SUPPLIED MATERIAL below:
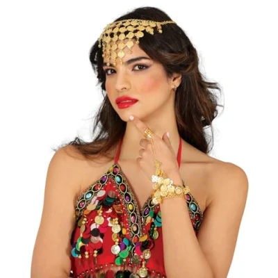 SHINE LIKE A GYPSY! - Includes the bracelet with gold medals. Does not include the ring or other accessories. Perfect for completing your desert princess look! DIMENSIONS - One size fits all. Suitable for all users. GOLD MEDALS BRACELET - Elegant gold-coloured medal bracelet made from metal. Perfect for complementing your fancy dress and shining at any party. Additionally, it features fire retardant for added safety. SHINE AT EVERY PARTY WITH THESE GOLD MEDALS! - Perfect jewellery bracelet to add an elegant touch to your prince and fortune teller fancy dress. Make every celebration unforgettable! COSTUMES AND ACCESSORIES FOR ALL OCCASIONS - At Fiestas Guirca, we have costumes, accessories, and decorations for Halloween, Carnival, Hen/Stag Parties, and more. Visit our Amazon store to explore further.
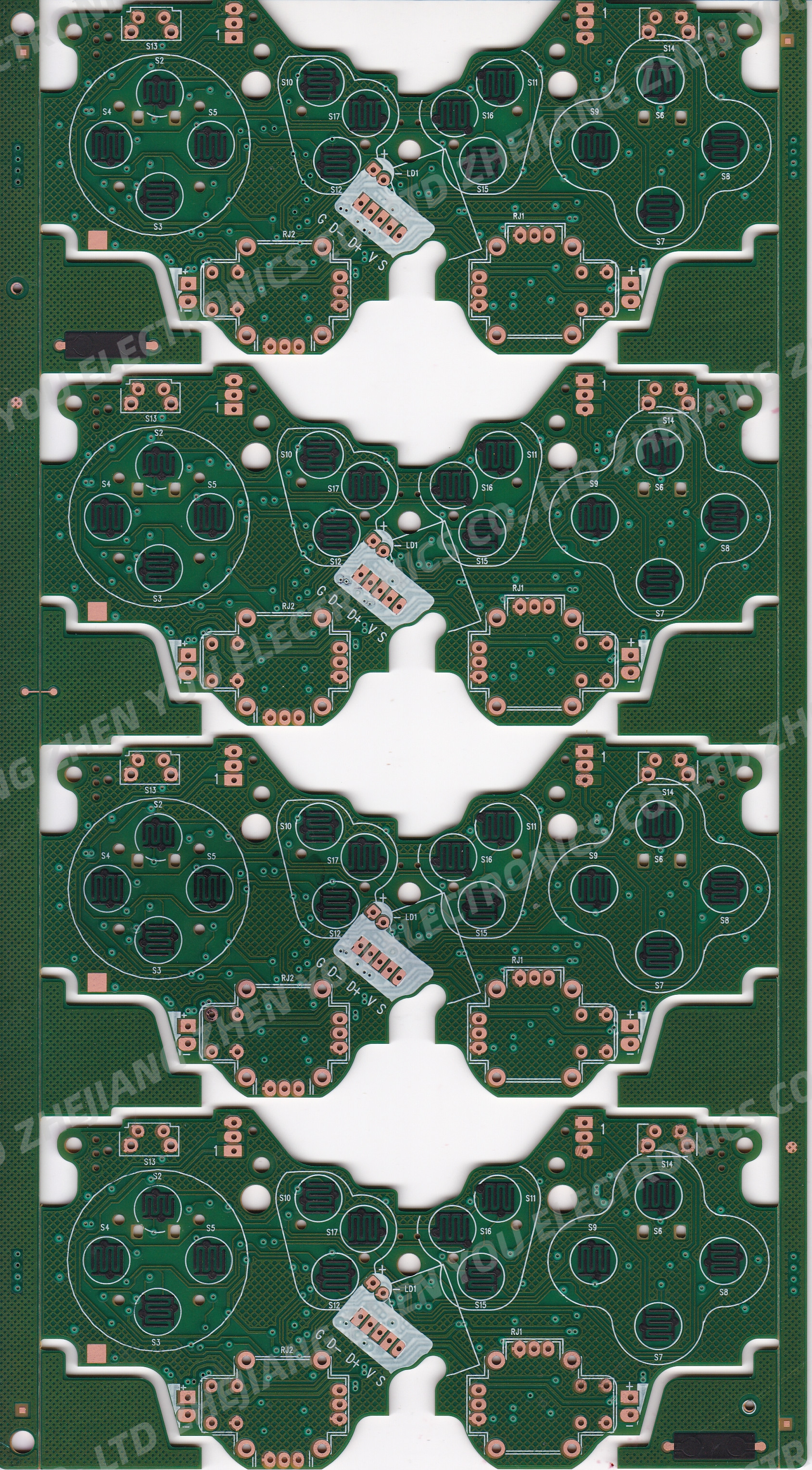 此产品为银浆灌孔板,使用银浆灌入孔中从而达到和镀通孔双面板一样的效果,并且线路板表面使用了碳膜以及OSP的工艺来加强抗氧化性。
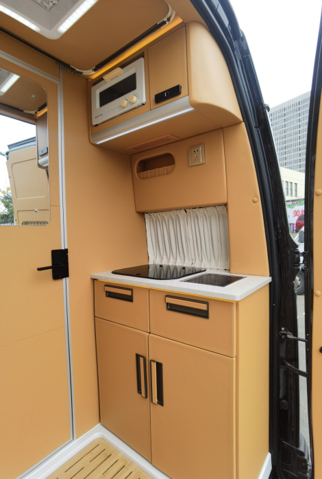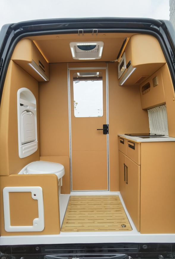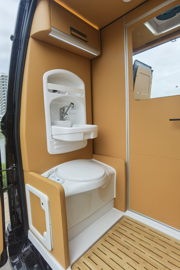 卫浴区设有折叠式洗手盆、独立水龙头、抽拉式淋浴花洒、粉碎直排马桶等,足以解决户外旅行卫浴需求;储物方面设置了内嵌式储物格和顶部吊柜,方便收纳洗漱用品。
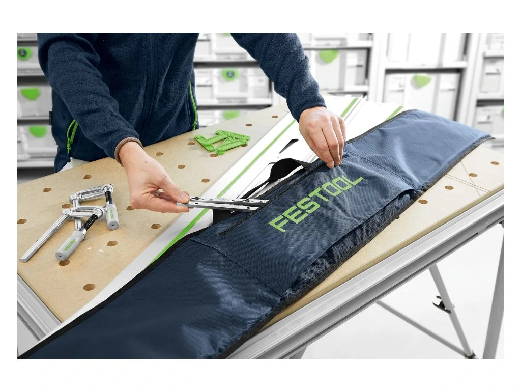 S ochranným vakom na vodiace lišty FS-BAG sú vodiace lišty riadne chránené, prepravované a uložené. Ochranný vak má veľkú hlavnú priehradku, do ktorej sa zmestí jedna alebo dve vodiace lišty až do dĺžky 1 400 mm. Okrem toho je k dispozícii ďalšie vrecko, do ktorého sa zmestia spojky a skrutkové zvierky alebo uhlový doraz FS-WA/90°.
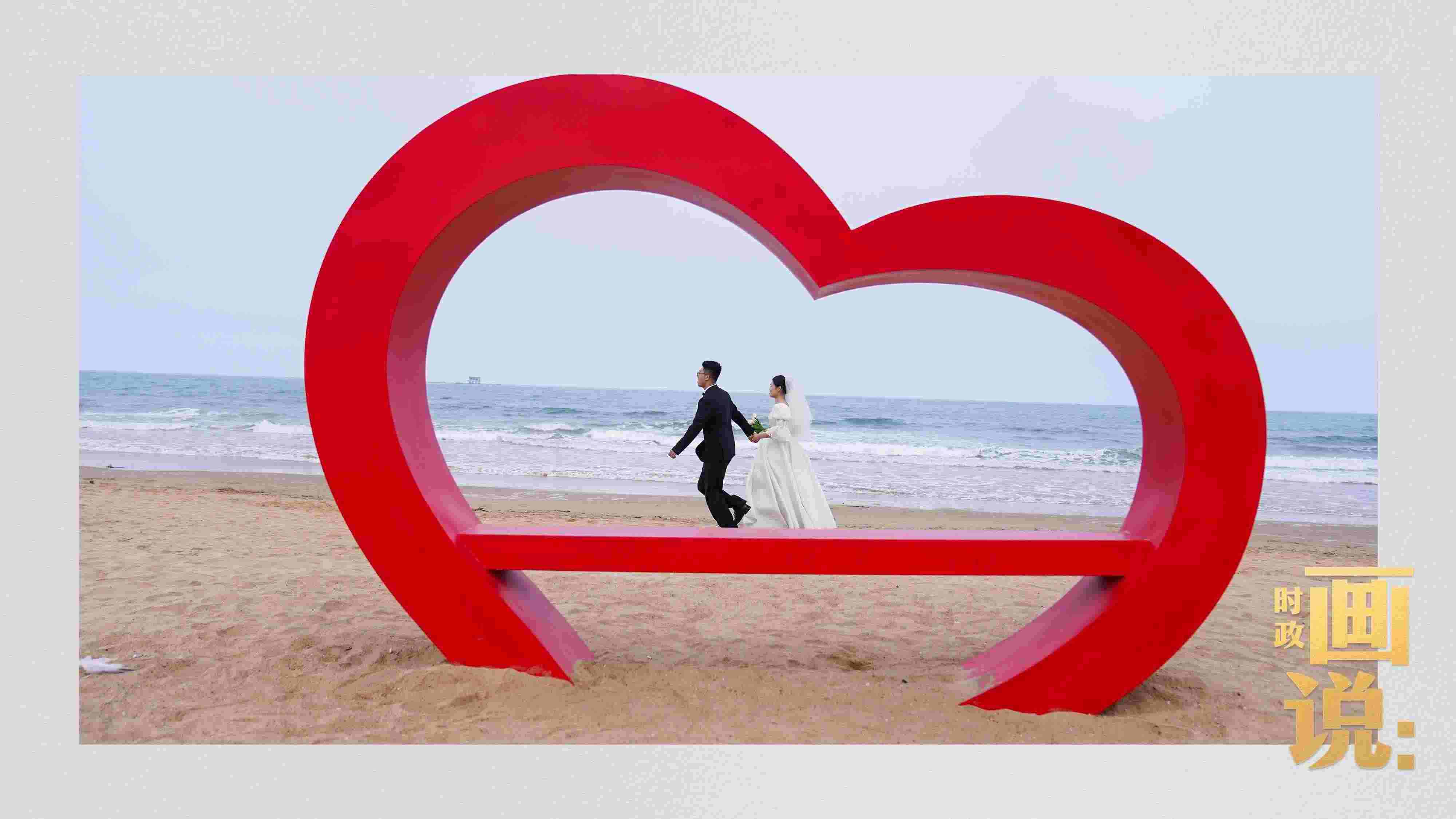 △日照陽光海岸綠道上的萬平口景區(qū),一對(duì)游客在海浪中翩然起舞。
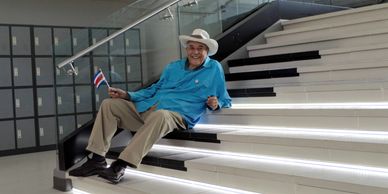 Remo on the fully interactive and lighted steps in the Beautiful and Groundbreaking Oxigeno Mall "el primer Human Playground de Latinoamérica " in the San Jose Capital Reigon
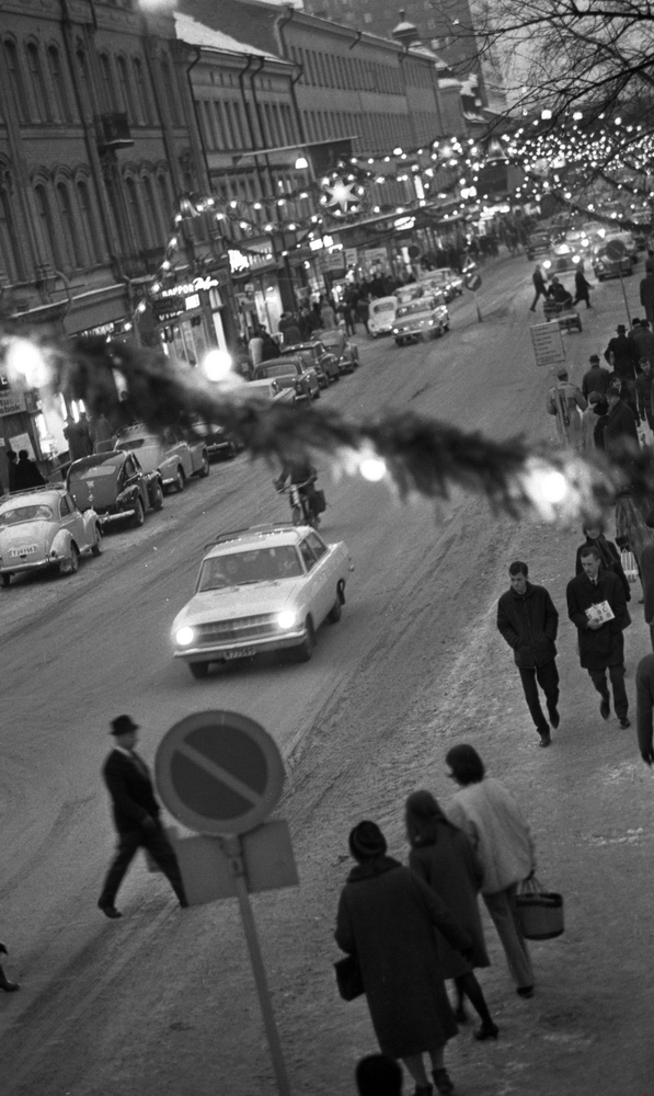 Jultrafik på Drottningatan upp mot Krämaren och livlig gångtrafik. Den snötäckta gatan är dekorerad med girlanger av granris och lampor tvärsöver. I girlangerna hänger också belysta gula stjärnor och röda klockor.
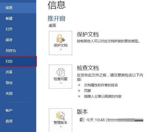 第一步:用Word 2013打开一篇文档,单击文档左上角的“文件”按钮,并在弹出的“文件”菜单中选择“打印”选项(如图所示)。
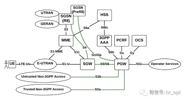 隨著VoLTE和VoWiFi的出現(xiàn),LTE/EPC又引入了S2a、S2b和S2c接口,這些接口將核心網(wǎng)的控制范圍延伸到了非3GPP網(wǎng)絡(luò),即可信Non-3GPP接入(Non-3GPP Trusted Access)和非可信Non-3GPP接入(Non-3GPP untrusted Access)連接到3GPP網(wǎng)關(guān)PGW。
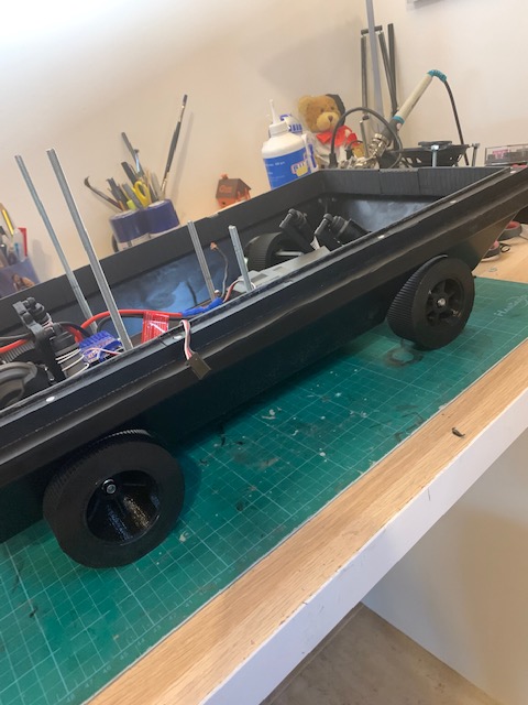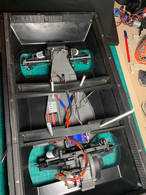 Por último también he estado probando como quedan las piezas que unirán el coche a la carcasa. Son piezas impresas y que suelen usar todos los constructores de este droide. Ahí se puede apreciar como une las varillas que hice en su día al marco del coche, y como queda todo con la placa de la electrónica puesta.
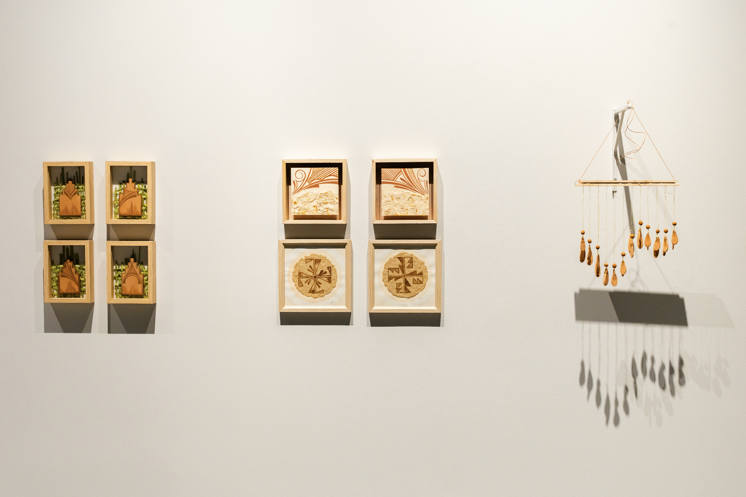Yeh’chuna:we (Breathing in), 2025, natural clay, yucca plant fibers, natural pigments, 5" x 7" (x6).
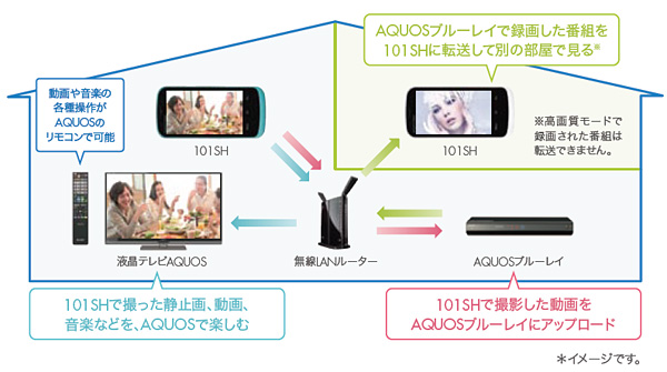 また、このWi-Fiを自宅などで利用すると、液晶テレビのAQUOSやAQUOSブルーレイと連携させる「スマートファミリンク」も便利な機能だ。たとえば、101SHで撮影した写真や動画をWi-Fi経由でAQUOSで楽しんだり、AQUOSブルーレイで録画した番組をWi-Fi経由で101SHで楽しむといった使い方ができる。特に、101SHは防水対応なので、AQUOSブルーレイで録りためた番組をお風呂でゆっくりと楽しむことも可能だ。Wi-Fi環境がないときは、AQUOSブルーレイとmicroUSBケーブルで接続して転送し、高画質のまま、番組を外出先で楽しむこともできる。ちなみに、帰宅して、ケータイをカバンなどに入れたままで着信に気づかなかったといったことはよくあるが、101SHにあった着信やメールの受信をAQUOSの画面に表示するといった設定も可能だ。
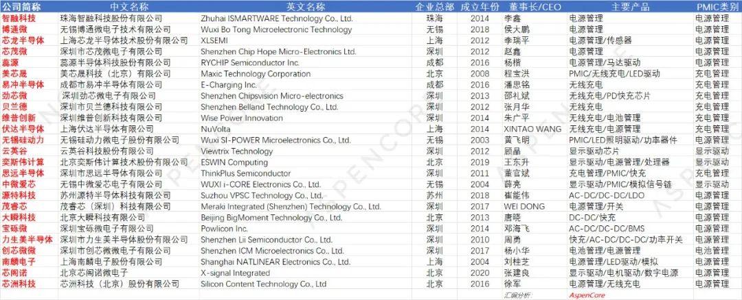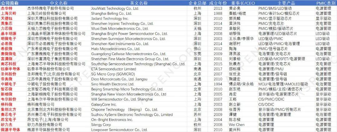 一、50家國(guó)產(chǎn)PMIC廠商基本信息匯總
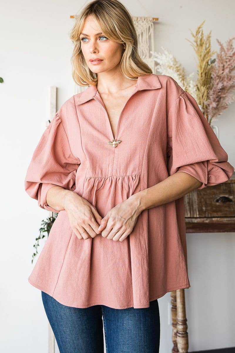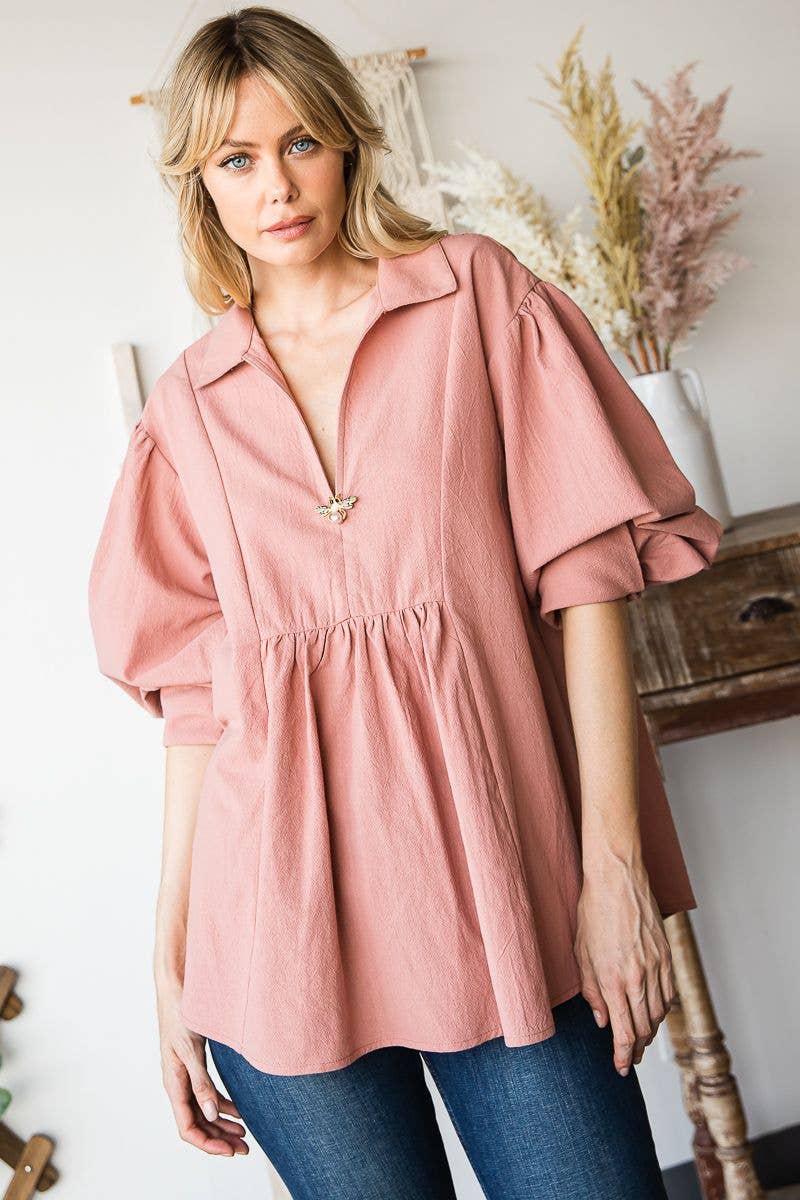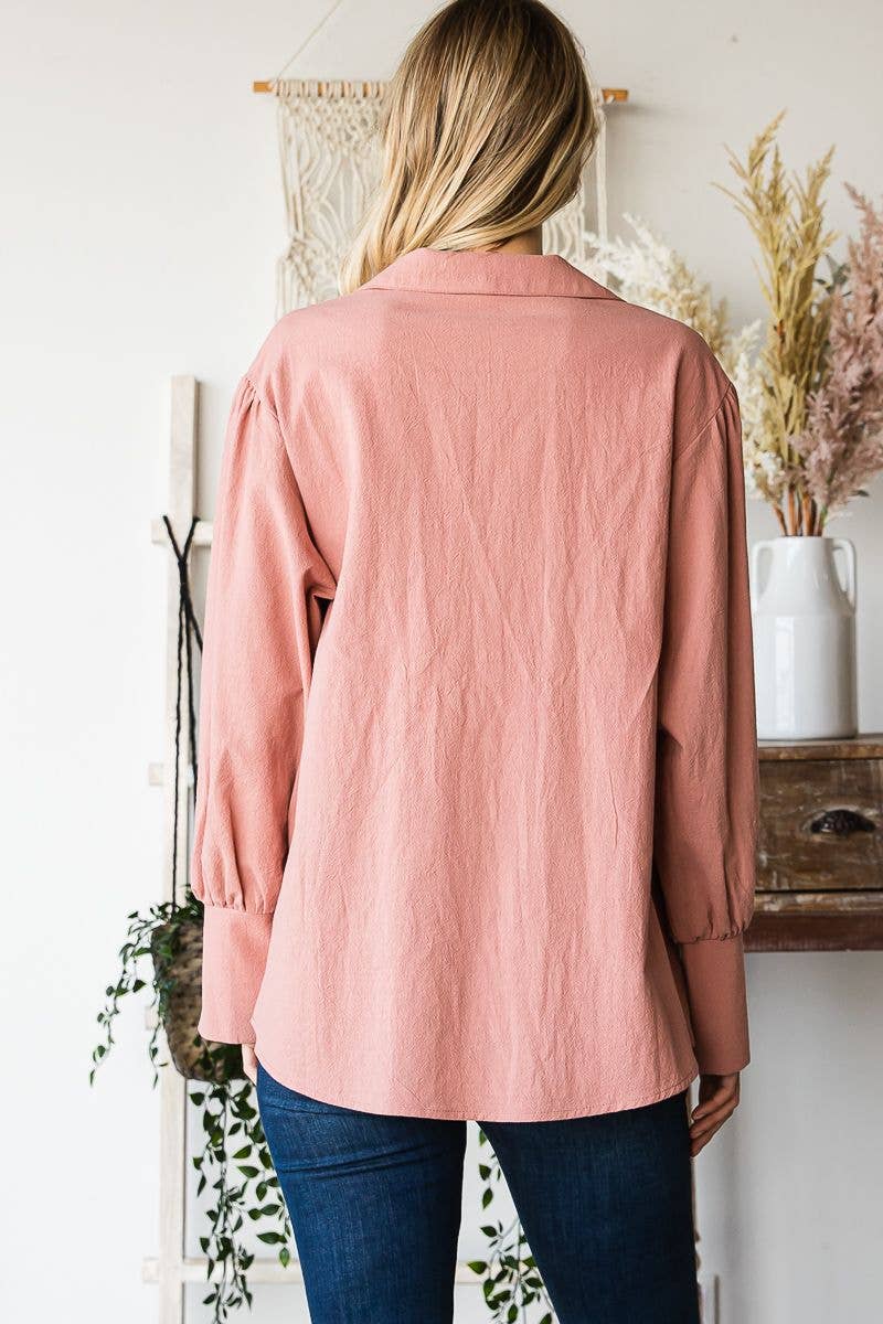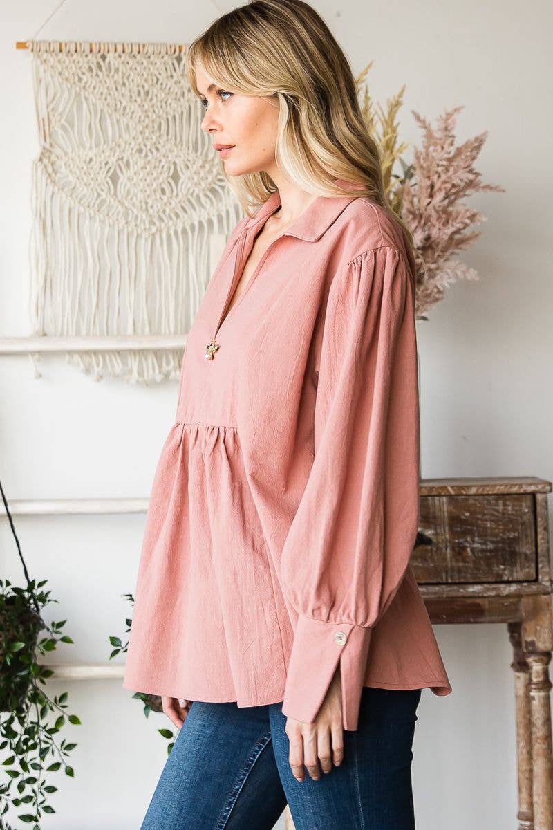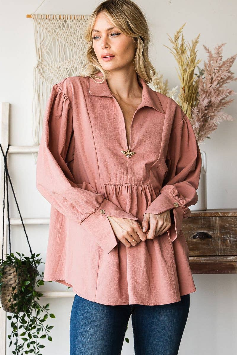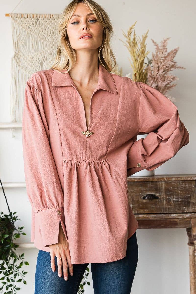 C090-T1186 - Long sleeve bib front collar poet blouse
End of SUPPLIED MATERIAL.
▸ **TASK DIRECTIONS**
"Jultrafik på Drottningatan" marks the first line to copy, and "第一步:用Word 2013" marks the last. Repeat that stretch above exactly, with no pictures.

▸ **YOUR SOLUTION**
 Jultrafik på Drottningatan upp mot Krämaren och livlig gångtrafik. Den snötäckta gatan är dekorerad med girlanger av granris och lampor tvärsöver. I girlangerna hänger också belysta gula stjärnor och röda klockor.
 第一步:用Word 2013打开一篇文档,单击文档左上角的“文件”按钮,并在弹出的“文件”菜单中选择“打印”选项(如图所示)。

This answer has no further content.